What I often see in the present day (yes, among christians themselves too), is God spoken of as an indifferent, if not downright narcissistic terrifying, entity.
And I am seriously sad over that. It feels like God of The Old Testament. Whom, in my opinion, was deeply misinterpreted and therefore He sent us Jesus.
He demands, the most important commandments, that we have faith in Him and we love eachother. Why are we acting He wants so terribly much of us?
Maybe we should stop looking at God as this demanding ruler, some big brother watching and waiting for us to stumble so he can condemn us.
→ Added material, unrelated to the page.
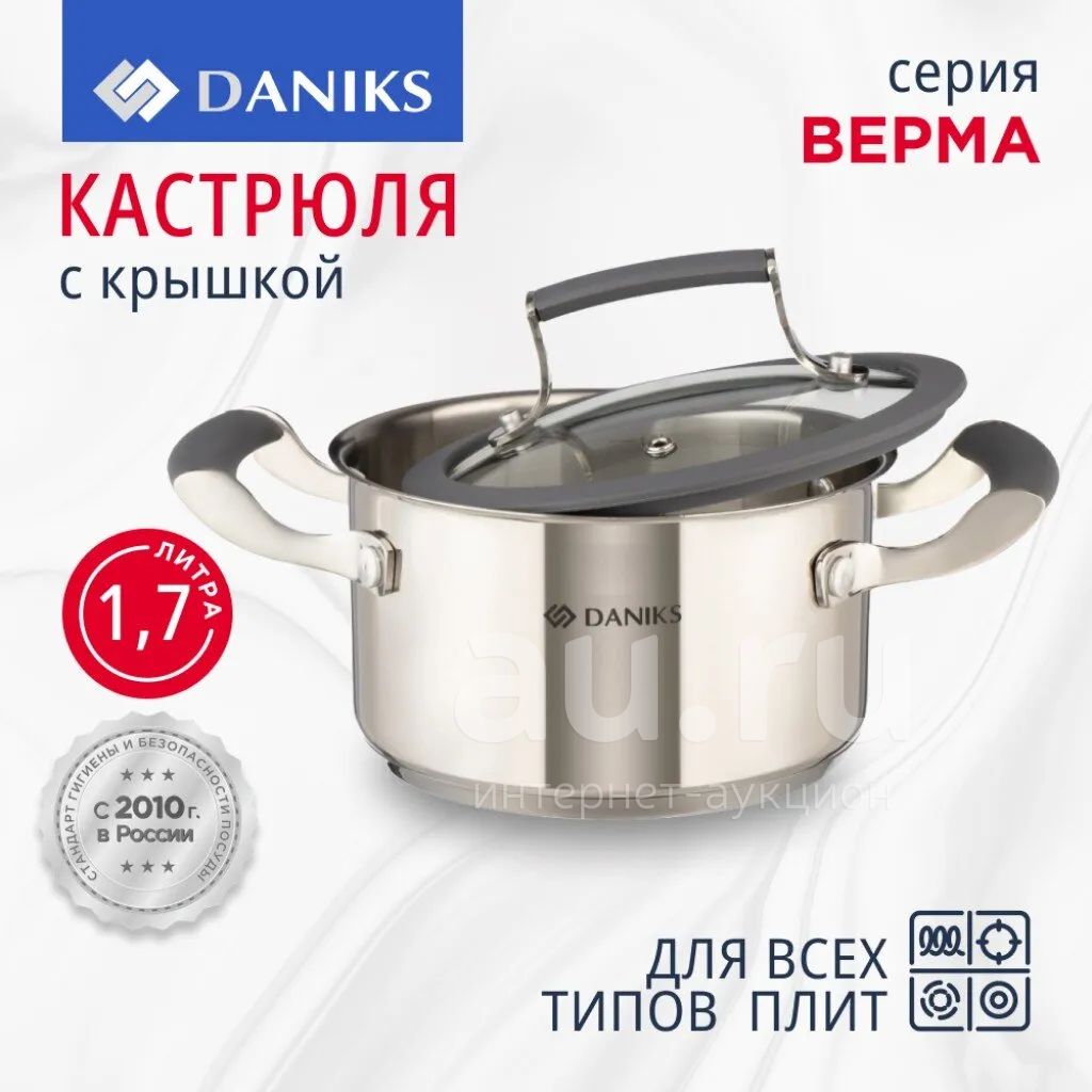 Кастрюля нержавеющая сталь, 1.7 л, крышка стекло, Daniks, Верма, CW-S071-16, индукция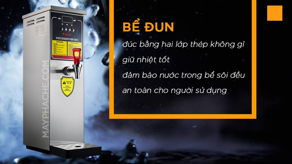 Mọi chi tiết máy đều được làm bằng chất liệu bền bỉ và an toàn tuyệt đối. Cụ thể như: Bề đun nước làm bằng 2 lớp thép không gỉ cao cấp. Đây là dòng thép được ứng dụng trong lĩnh vực ý tế và chế biến thực phẩm. Nước được đun sôi nhanh, giữ nhiệt tốt và không lo bị nhiễm các chất độc hại.

Maybe stop looking at him as an indifferent and harsh father figure you have to whip your back for, someone you have to scrape your knees to the bone for.
Maybe we should start looking at him as an artist, as creator, as a loving father. We are made in his image right? That's repeated often throughout the word.
Humans are, in their core, artists and creators. Fond of joy and beauty and kindness. Look at what humans created. All the cathedrals, castles, bridges, all the paintings and statues. All so thought through, detailed, beautiful and complex. Why then is it so hard to believe the beautiful world we live in was created by God?
Look at the trees, why do leaves have edges? Why does grass smell? Why is sunset thousands shades and not once exactly the same? Why are all stones of different size and shape and color? What tyrant would care for such details? And what artist wouldn't?
Maybe stop saying God doesn't have empathy, that he deserted us, that he is a stranger to beauty and joy. When each day is crafted and new. God loves us, He waits for us. He wants us to come back to him. And once you do? You won't remember how harsh life was before. I know what I am talking about.
If just 1% of your soul is willing to meet Him, he will lead you into the light and you will never look back. And I pray for everybody to experience the change and the revival I have had through Jesus Christ.
The world is beautiful. God is good and gracious. You're never far too away and too damaged to not be welcomed back by Him.